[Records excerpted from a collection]
━━━━━━━━━━━━━━━━

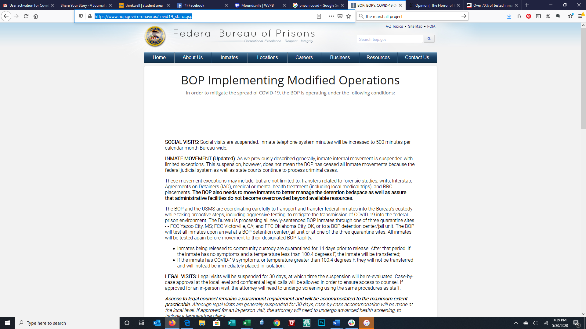 Bureau of Federal Prisons Covid 19 Modified Operations
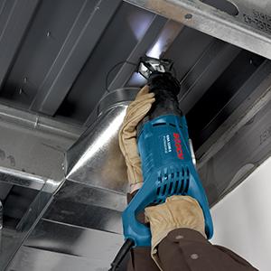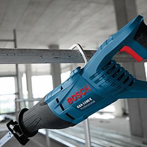 An illuminated viewA key feature of this sabre saw is its integrated LED lighting, which ensures a good view of the workpiece and its surrounding area even in a dark working environment. | Speedy workA powerful 1100 W motor generates fast progress through a variety of materials. Maximum cutting depth for the saw is 230 mm in wood and 20 mm in metal profiles or pipes. | VersatilityYou can use this heavy duty corded sabre saw on everything from wood and plastic to ferrous and non-ferrous metals, concrete and stone. |
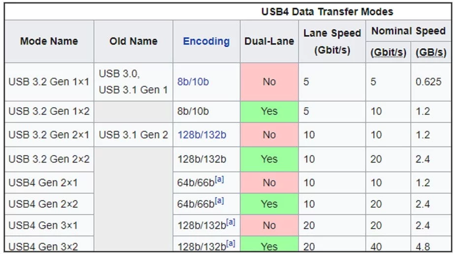 | Minimum data transfer speed | 20 Gbps (some devices) | 40 Gbps (all devices) |
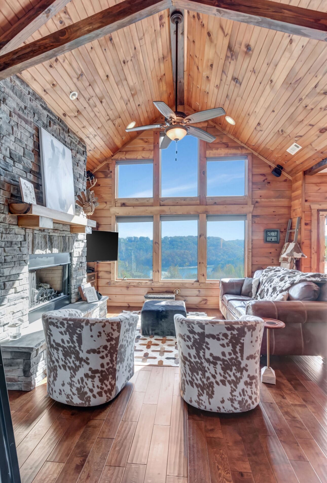 The heart of the home boasts a bright, open floor plan with beautiful décor that blends modern touches with the warmth of cabin life. The fully equipped kitchen makes it easy to prepare meals, while the living area is perfect for relaxing after a day of outdoor fun.
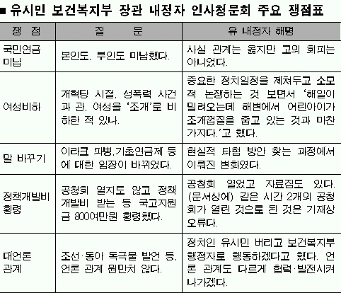 한나라당 전재희·박재완·고경화·정화원 의원 등은 유 내정자의 국민연금 미납·정책연구비 유용 의혹 등을 제기하며 도덕성을 문제삼았다. 특히 전 의원은 열린우리당 강기정 의원이 “국회의원으로서 무책임할 수 있다.”는 말에 “이유도 없이 무책임하게 말한 데 대해 위원장이 시정해달라.”며 발끈하면서 한때 험한 분위기도 연출됐다.
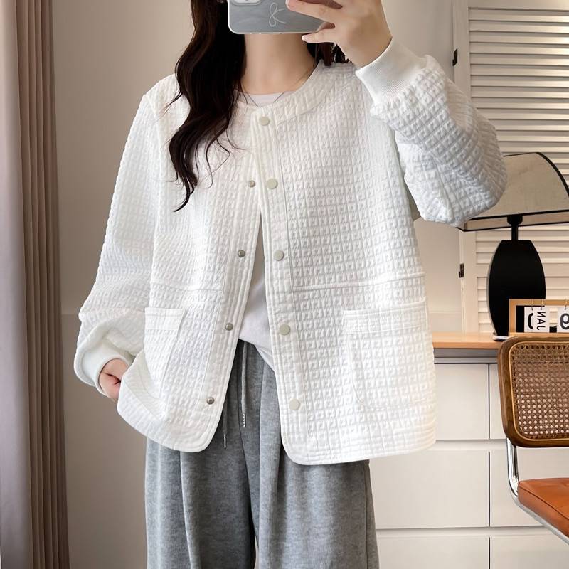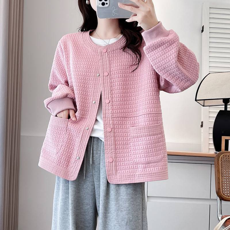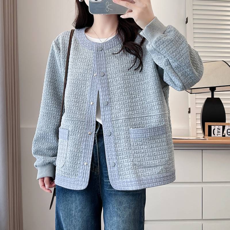 캐주얼 코트 여성의 플러스 사이즈 지방 200kg 봄 2025 새로운 패션 바느질 느슨한 작은 향기로운 스타일 코트스토어 가기
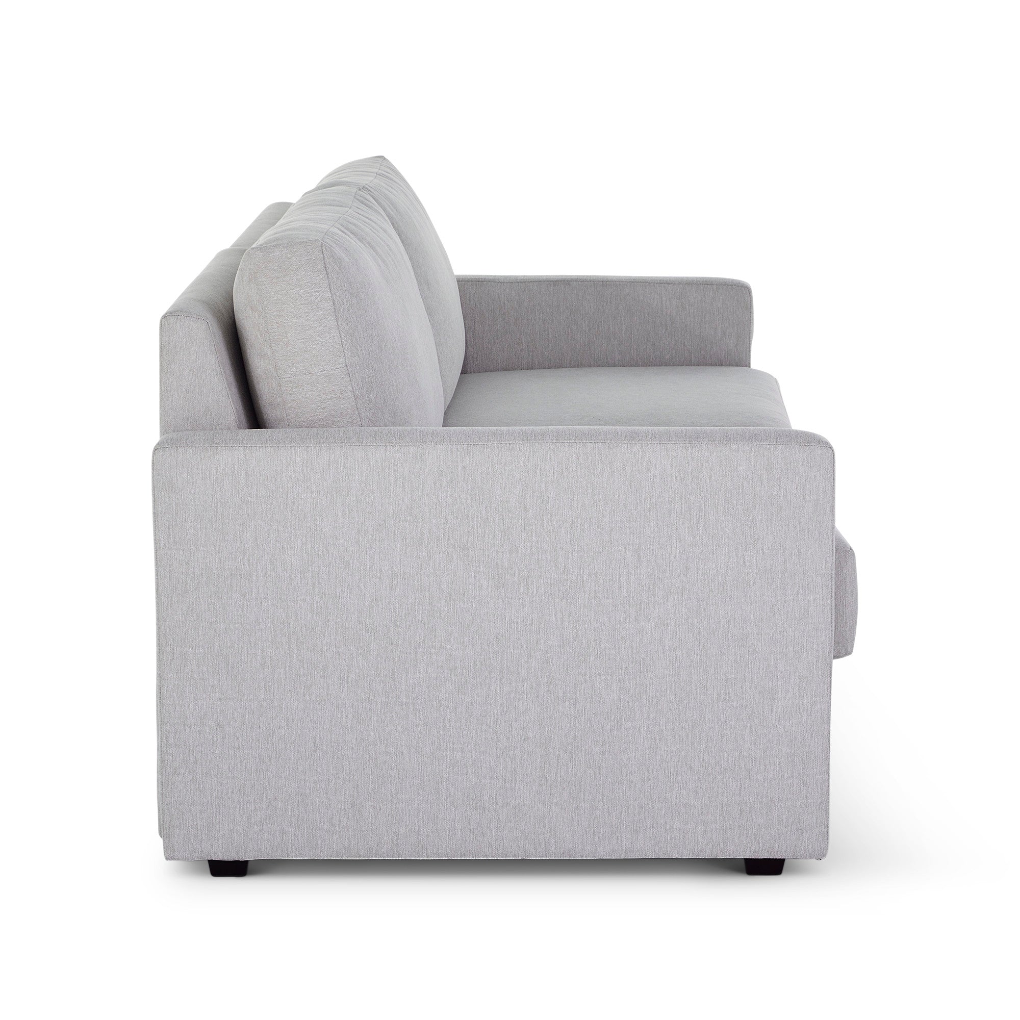 - Upholstered in a light gray performance fabric that is sustainably made with recycled water bottles and delivers exceptional stain- and water-resistance for easy cleanability, making it the perfect choice for active families and pets
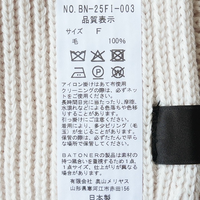 【20%OFF】(bn-25fl-035)/ BATONER(バトナー) / (ソリッドウールリブハーフジップ) / メール便対象外
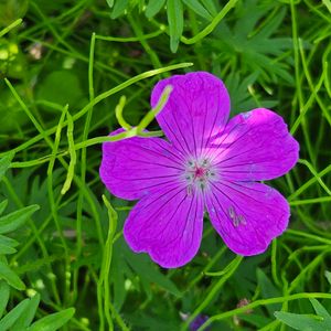 花は約4cmほどの5弁花 紅紫色に濃い色の脈が入ります🎶 曙風露(あけぼのふうろ) フウロソウ科
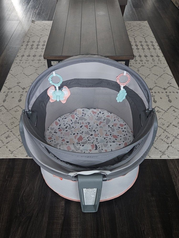 Your baby will feel right at home in the dome! That's because it features a comfy pad for your little one to nap or play on and a canopy that protects against the sun and bugs so you can use it indoors or out! Two colorful toys dangle overhead to encourage eye tracking. Plus when you're ready to go, just fold the dome, grab the handles, and you're off! 2-in-1, play space & napping spot for baby! Can be used indoors or out Adjustable canopy protects against bugs & sun (UPF 20) 2 linking toys overhead Folds flat, with handles for easy take-along
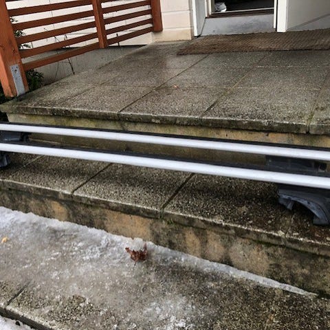 Thulen noin 30 vuotta vanhat taakkatelineet autoon, jossa on kattokaiteet. Kattokaiteen ja auton katon välinen rako tulee olla riittävän suuri (telineet ovat olleet Golf-farkussa). Kuvassa näkyvät suksipidikkeet ovat alkuperäiset, joten niiden kumiset kiristimet voivat vaatia uusimista.

━━━━━━━━━━━━━━━━

The problem
For each entry above, write it out again exactly but leave out any picture.

Answer for this exercise
 Bureau of Federal Prisons Covid 19 Modified Operations
 An illuminated viewA key feature of this sabre saw is its integrated LED lighting, which ensures a good view of the workpiece and its surrounding area even in a dark working environment. | Speedy workA powerful 1100 W motor generates fast progress through a variety of materials. Maximum cutting depth for the saw is 230 mm in wood and 20 mm in metal profiles or pipes. | VersatilityYou can use this heavy duty corded sabre saw on everything from wood and plastic to ferrous and non-ferrous metals, concrete and stone. |
 | Minimum data transfer speed | 20 Gbps (some devices) | 40 Gbps (all devices) |
 The heart of the home boasts a bright, open floor plan with beautiful décor that blends modern touches with the warmth of cabin life. The fully equipped kitchen makes it easy to prepare meals, while the living area is perfect for relaxing after a day of outdoor fun.
 한나라당 전재희·박재완·고경화·정화원 의원 등은 유 내정자의 국민연금 미납·정책연구비 유용 의혹 등을 제기하며 도덕성을 문제삼았다. 특히 전 의원은 열린우리당 강기정 의원이 “국회의원으로서 무책임할 수 있다.”는 말에 “이유도 없이 무책임하게 말한 데 대해 위원장이 시정해달라.”며 발끈하면서 한때 험한 분위기도 연출됐다.
 캐주얼 코트 여성의 플러스 사이즈 지방 200kg 봄 2025 새로운 패션 바느질 느슨한 작은 향기로운 스타일 코트스토어 가기
 - Upholstered in a light gray performance fabric that is sustainably made with recycled water bottles and delivers exceptional stain- and water-resistance for easy cleanability, making it the perfect choice for active families and pets
 【20%OFF】(bn-25fl-035)/ BATONER(バトナー) / (ソリッドウールリブハーフジップ) / メール便対象外
 花は約4cmほどの5弁花 紅紫色に濃い色の脈が入ります🎶 曙風露(あけぼのふうろ) フウロソウ科
 Your baby will feel right at home in the dome! That's because it features a comfy pad for your little one to nap or play on and a canopy that protects against the sun and bugs so you can use it indoors or out! Two colorful toys dangle overhead to encourage eye tracking. Plus when you're ready to go, just fold the dome, grab the handles, and you're off! 2-in-1, play space & napping spot for baby! Can be used indoors or out Adjustable canopy protects against bugs & sun (UPF 20) 2 linking toys overhead Folds flat, with handles for easy take-along
 Thulen noin 30 vuotta vanhat taakkatelineet autoon, jossa on kattokaiteet. Kattokaiteen ja auton katon välinen rako tulee olla riittävän suuri (telineet ovat olleet Golf-farkussa). Kuvassa näkyvät suksipidikkeet ovat alkuperäiset, joten niiden kumiset kiristimet voivat vaatia uusimista.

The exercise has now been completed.